THE DATA:
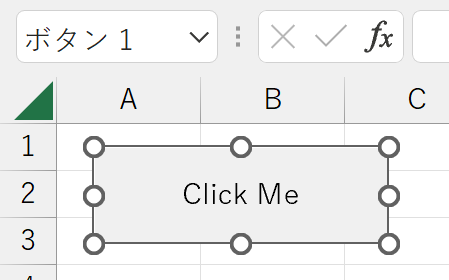 ややこしくなるので、ボタンに表示する文字列(Captionプロパティ)は「Click Me」に編集しました。さて、このボタンの名前は「名前ボックス」に表示されている"ボタン 1"です。したがって、このボタンは Shapes("ボタン 1") で特定できます。では、このボタンの名前を、Nameプロパティで調べてみましょう。
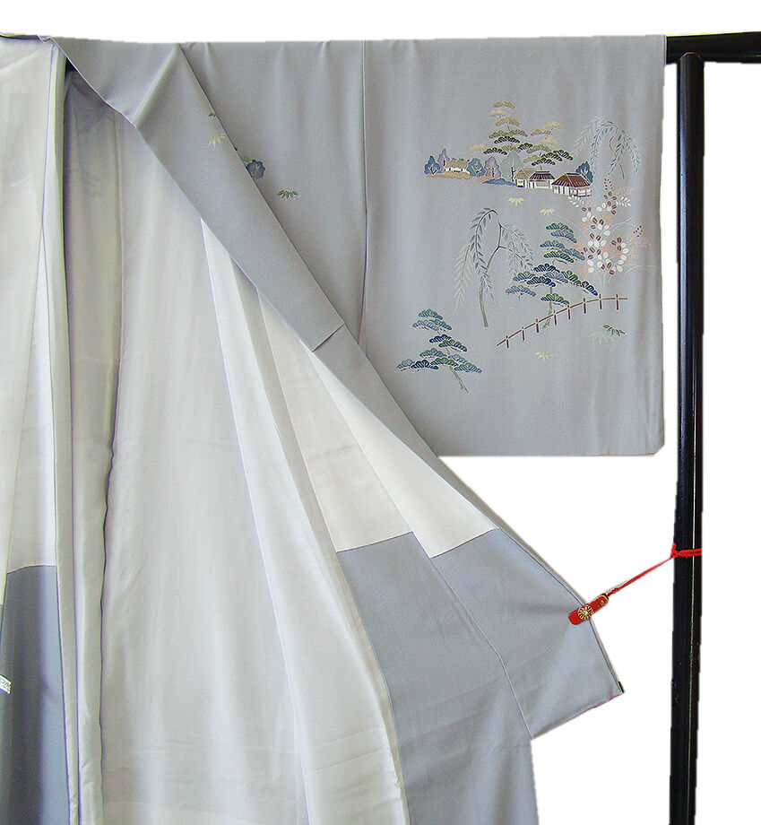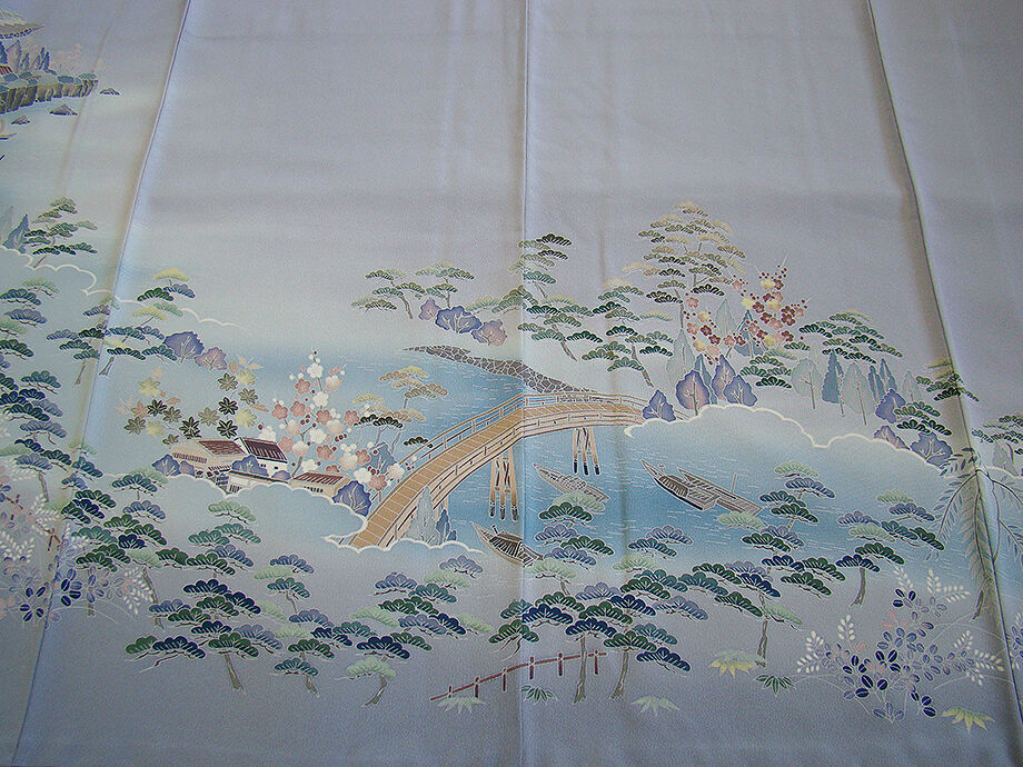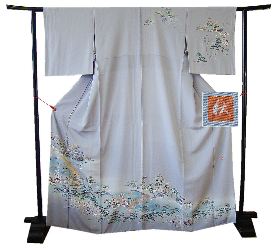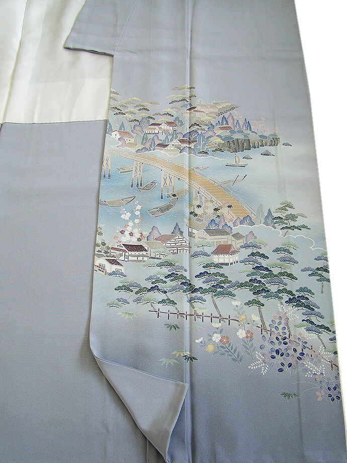 | 商品説明 | こちらのお品は「袷」ですので10月から5月までお召頂ければと思います。 とてもしなやかで柔らかな手触りの着心地良い重めの極上ちりめん地の生地、 淡藤色地に裾にかけて灰青色ぼかしに松竹梅、花草、船、立木、橋、家屋等の染柄、 気品に満ち溢れた彩りが正統派のお着物として一枚は欲しい逸品の素敵なお着物です。 八掛は共布に柄入り(正絹)、作家の落款入り、幅広い年代の方にお召頂けます。 |
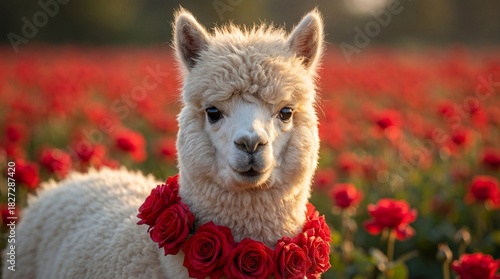 © jockermax3d, Obraz premium Cute alpaca wearing a wreath of red roses in a field of red flowers
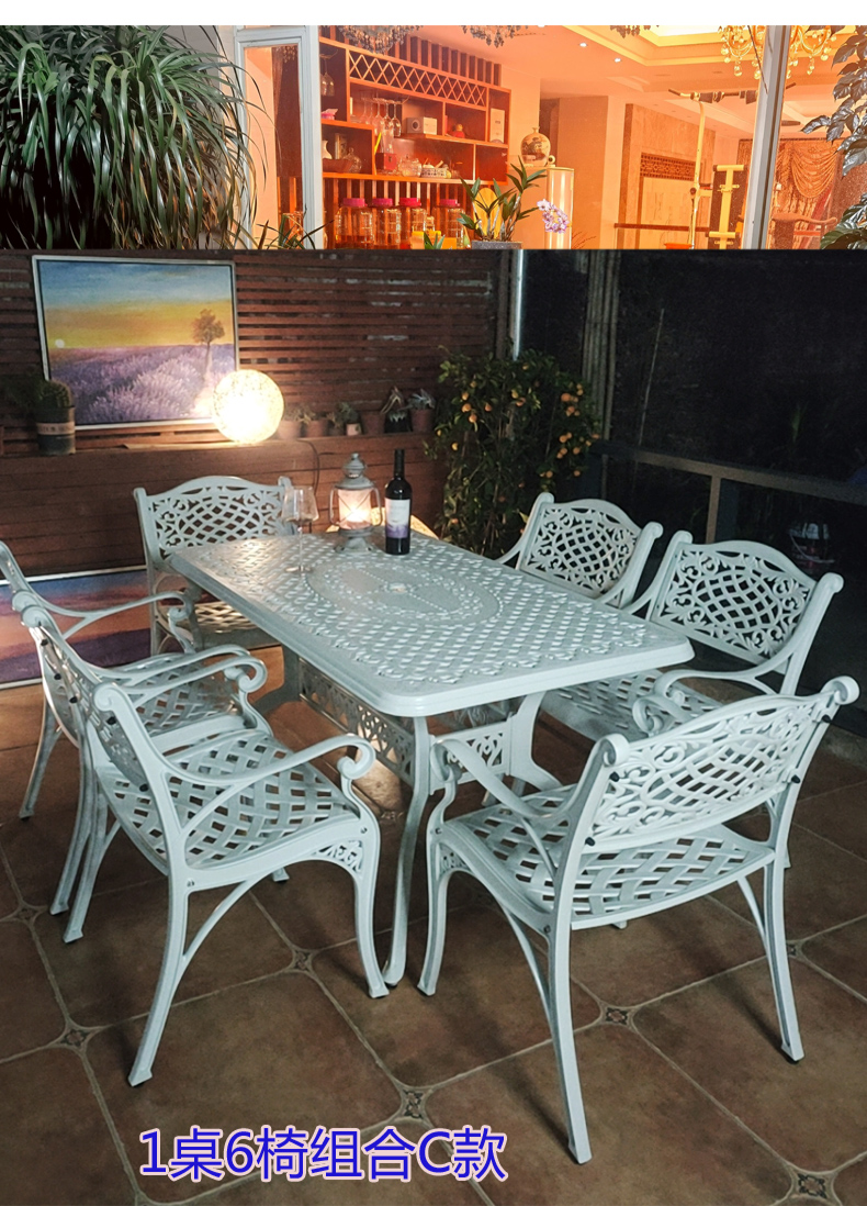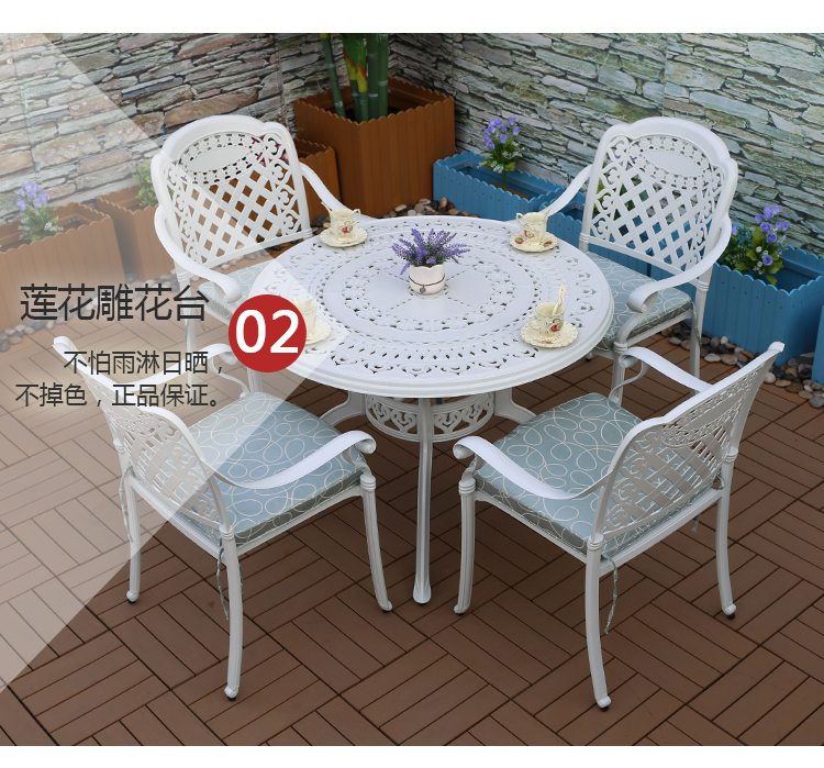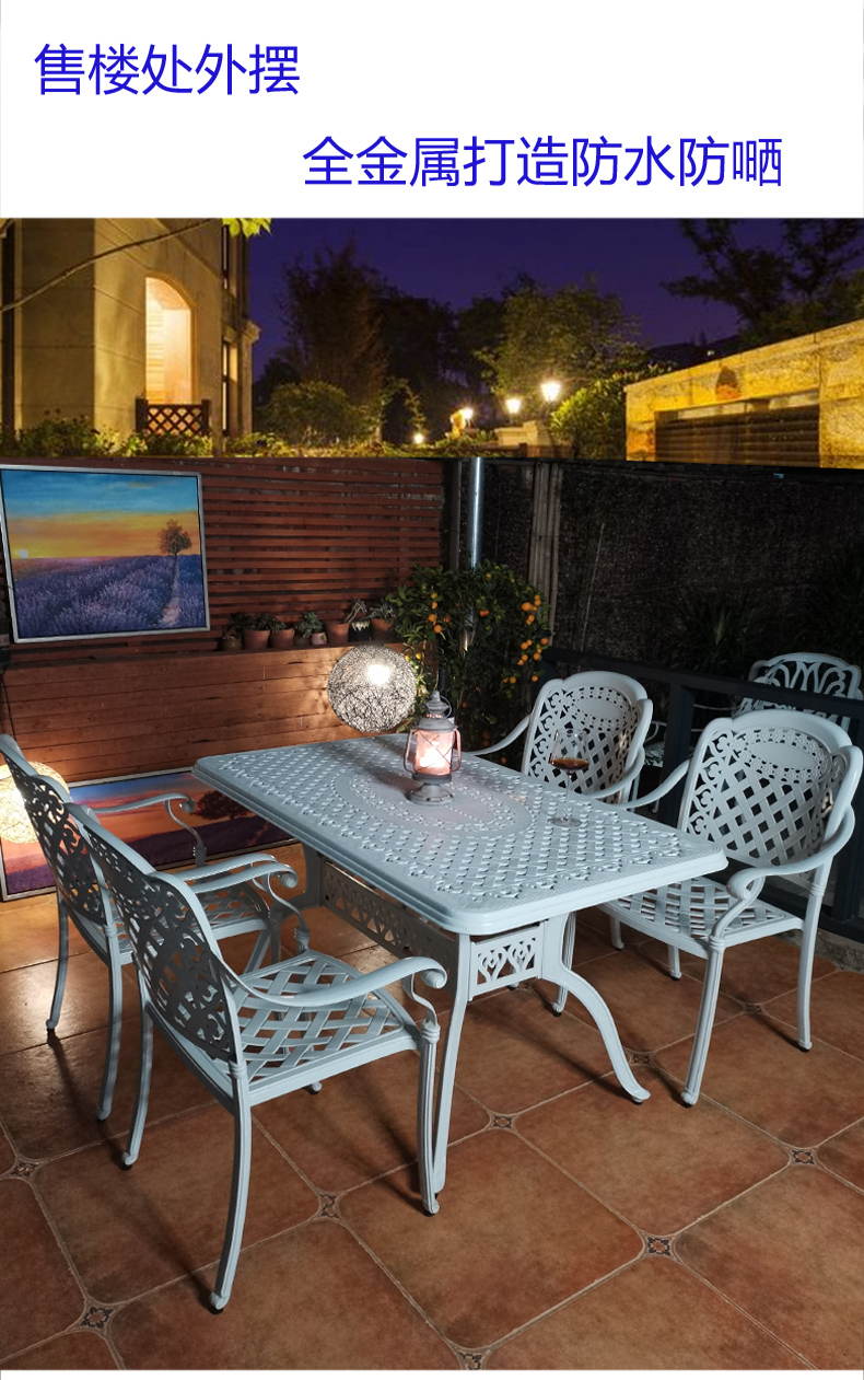 Sản phẩm nổi bật với các đặc điểm: Bàn ghế nhôm đúc màu trắng biệt thự sân vườn câu lạc bộ giải trí nội thất thư giãn đúc kết hợp hiên ngoài trời chạm khắc phong cách Châu Âu

WORK INSTRUCTION: Reproduce the material above in full and without alteration, but skip all pictures.

EXPECTED OUTPUT:
 ややこしくなるので、ボタンに表示する文字列(Captionプロパティ)は「Click Me」に編集しました。さて、このボタンの名前は「名前ボックス」に表示されている"ボタン 1"です。したがって、このボタンは Shapes("ボタン 1") で特定できます。では、このボタンの名前を、Nameプロパティで調べてみましょう。
 | 商品説明 | こちらのお品は「袷」ですので10月から5月までお召頂ければと思います。 とてもしなやかで柔らかな手触りの着心地良い重めの極上ちりめん地の生地、 淡藤色地に裾にかけて灰青色ぼかしに松竹梅、花草、船、立木、橋、家屋等の染柄、 気品に満ち溢れた彩りが正統派のお着物として一枚は欲しい逸品の素敵なお着物です。 八掛は共布に柄入り(正絹)、作家の落款入り、幅広い年代の方にお召頂けます。 |
 © jockermax3d, Obraz premium Cute alpaca wearing a wreath of red roses in a field of red flowers
 Sản phẩm nổi bật với các đặc điểm: Bàn ghế nhôm đúc màu trắng biệt thự sân vườn câu lạc bộ giải trí nội thất thư giãn đúc kết hợp hiên ngoài trời chạm khắc phong cách Châu Âu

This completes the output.